The United Nations says it has not been involved in the relocation but urged the government to ensure no refugee is forced to move to Bhasan Char island, which only emerged from the sea 20 years ago.
"We are ready to receive the new arrivals," Navy Commodore Abdullah Al Mamun Chowdhury said from the island of the 1,804 Rohingya being moved in seven ships.
A first group of more than 1,600 Rohingya, members of a minority group who have fled from Myanmar, were relocated from their rickety camps near the Myanmar border to Bhasan Char earlier in the month.
Storms regularly hit the Bangladesh coast. In 1991, nearly 143,000 people were killed when a cyclone whipped up a 4.5-metre tidal surge.
The government has built a 12-kilometre embankment to protect the island along with housing for 100,000 people.
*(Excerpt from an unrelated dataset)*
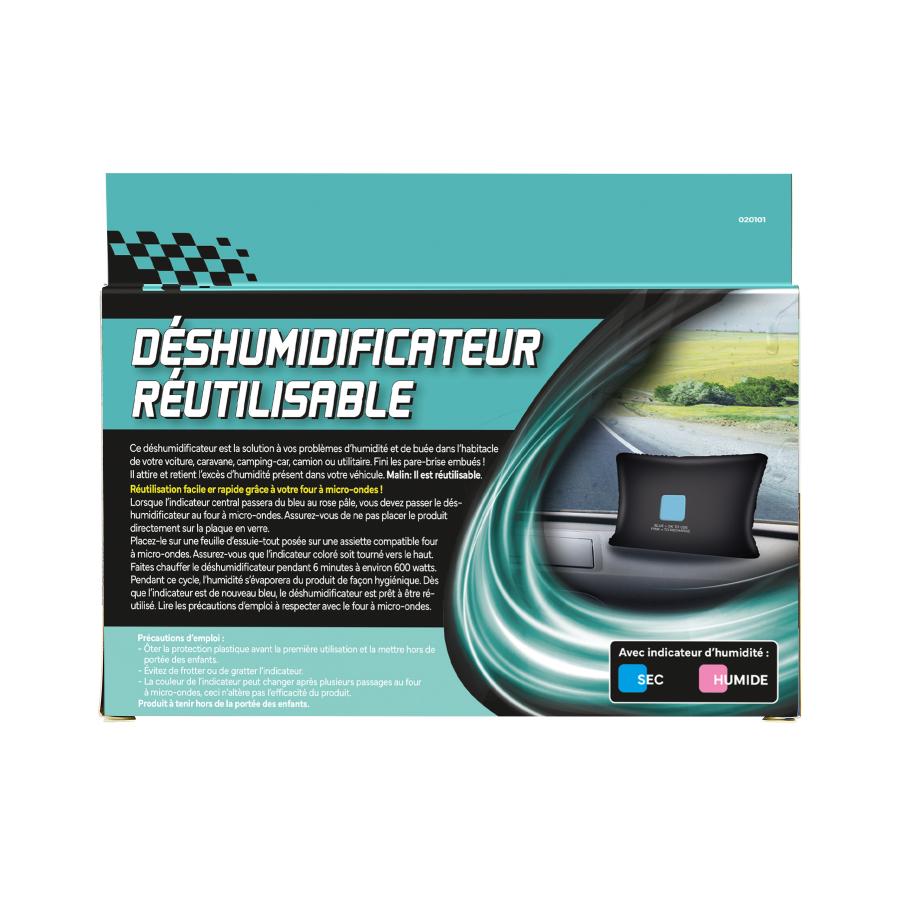 CARLinéa Reusable Dehumidifier The end to misted up passenger compartments! The reusable Carlinéa dehumidifier provides a fast and effective solution to remove the moisture in a car, caravan, campervan, truck or van. Installed in the vehicle, it attracts and retains the excess moisture. The best bit? It is reusable! It is ready for re-use after 6 minutes in the microwave. The central indicator indicates when to dry the item out.

It dismisses the risks.
"The island is completely safe," Foreign Minister Abdul Momen told Reuters.
The government also says the relocation is voluntary but some refugees from the first group have spoken about being coerced to go.
The human rights group Amnesty International also expressed concern.
"(A) lack of transparency in the consultation process with refugees, and allegations from within the community about cash incentives being offered to Rohingya families to relocate to Bhashan Char as well as use of intimidation tactics are making the relocation process questionable," the group said.
Momen rejected such doubts.
"The Rohingya people who have shifted there are very happy with the arrangement. Some evil groups are spreading negative propaganda," he said.
Two Rohingya men on board one of the ships heading to the island from the port of Chittagong told Reuters they were moving to their new home voluntarily. One said he was joining relatives already there while the other was moving with his wife and six children.
"There is so much suffering and conflict in the camp," said one of the men. "We are going there in the hope of a better life."
Reuters is withholding their names given the controversy around the move among the community, with many keen to stay on the mainland.